_REQUIRED WORK:_ Please, without the pictures, retype exactly the lines from the start of the material through the line that holds "スポンジに含んだ朱のインクが".

_LISTED ENTRIES:_
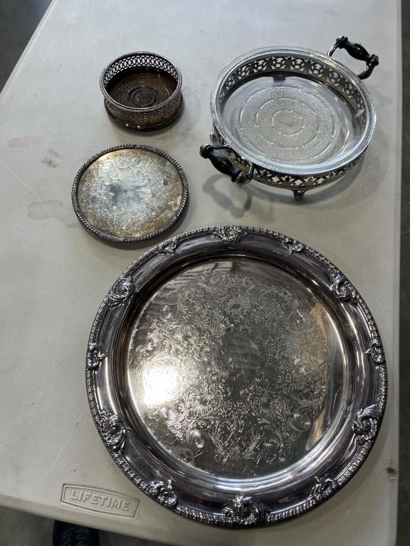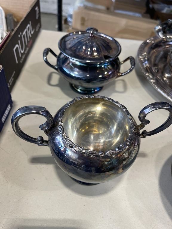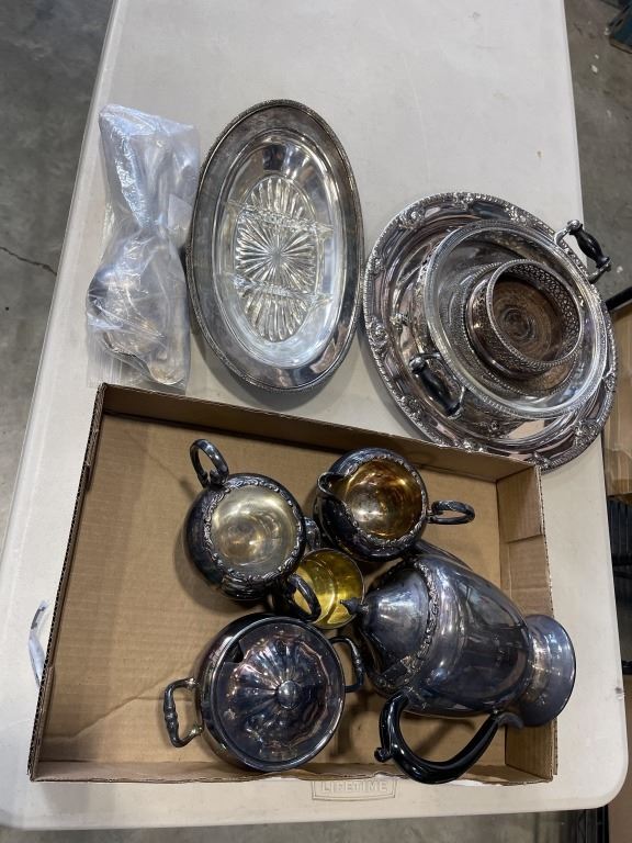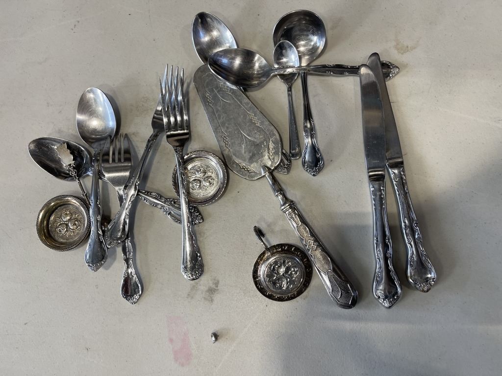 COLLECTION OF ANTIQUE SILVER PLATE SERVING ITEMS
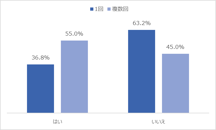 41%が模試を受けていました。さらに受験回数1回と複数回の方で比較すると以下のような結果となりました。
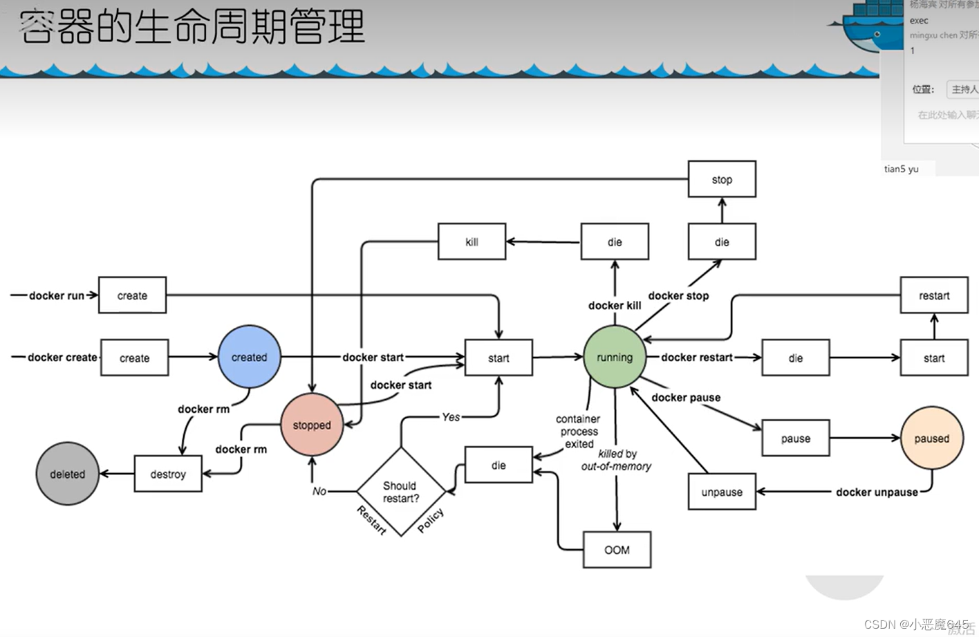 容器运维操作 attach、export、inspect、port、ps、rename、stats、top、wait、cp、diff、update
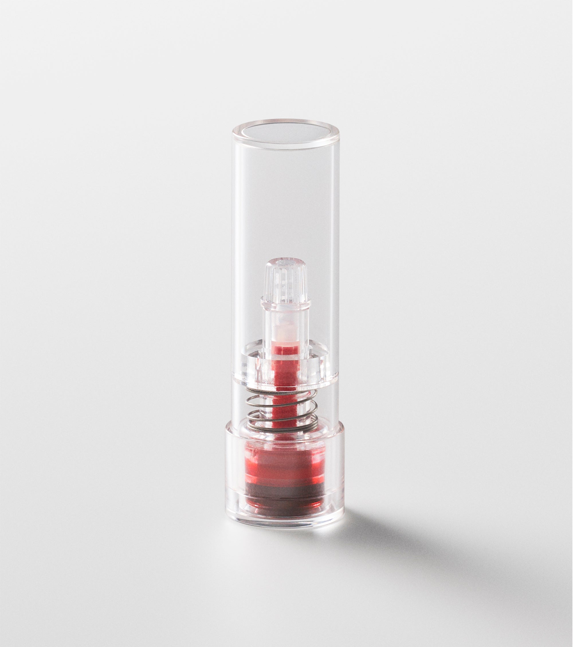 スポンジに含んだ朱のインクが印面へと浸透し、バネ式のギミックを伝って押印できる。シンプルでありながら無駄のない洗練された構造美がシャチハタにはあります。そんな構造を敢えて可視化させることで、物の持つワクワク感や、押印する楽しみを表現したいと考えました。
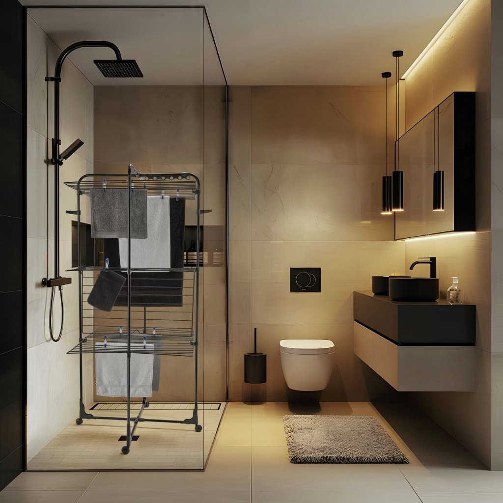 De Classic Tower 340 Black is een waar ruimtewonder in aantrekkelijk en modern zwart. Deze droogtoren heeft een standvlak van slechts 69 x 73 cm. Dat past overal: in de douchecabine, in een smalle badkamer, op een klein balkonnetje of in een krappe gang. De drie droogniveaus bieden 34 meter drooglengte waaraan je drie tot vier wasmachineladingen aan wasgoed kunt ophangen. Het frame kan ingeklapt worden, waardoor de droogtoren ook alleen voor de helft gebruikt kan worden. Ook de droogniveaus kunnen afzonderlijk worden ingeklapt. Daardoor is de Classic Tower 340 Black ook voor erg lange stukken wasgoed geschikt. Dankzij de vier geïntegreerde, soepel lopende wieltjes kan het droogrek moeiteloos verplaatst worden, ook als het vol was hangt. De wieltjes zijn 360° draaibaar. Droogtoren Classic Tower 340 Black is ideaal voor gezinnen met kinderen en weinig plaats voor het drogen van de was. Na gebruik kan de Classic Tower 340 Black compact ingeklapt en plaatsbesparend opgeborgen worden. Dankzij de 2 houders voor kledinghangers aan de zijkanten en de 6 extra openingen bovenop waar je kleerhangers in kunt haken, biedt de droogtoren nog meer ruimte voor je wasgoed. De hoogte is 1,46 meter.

_EXPECTED OUTPUT:_
 COLLECTION OF ANTIQUE SILVER PLATE SERVING ITEMS
 41%が模試を受けていました。さらに受験回数1回と複数回の方で比較すると以下のような結果となりました。
 容器运维操作 attach、export、inspect、port、ps、rename、stats、top、wait、cp、diff、update
 スポンジに含んだ朱のインクが印面へと浸透し、バネ式のギミックを伝って押印できる。シンプルでありながら無駄のない洗練された構造美がシャチハタにはあります。そんな構造を敢えて可視化させることで、物の持つワクワク感や、押印する楽しみを表現したいと考えました。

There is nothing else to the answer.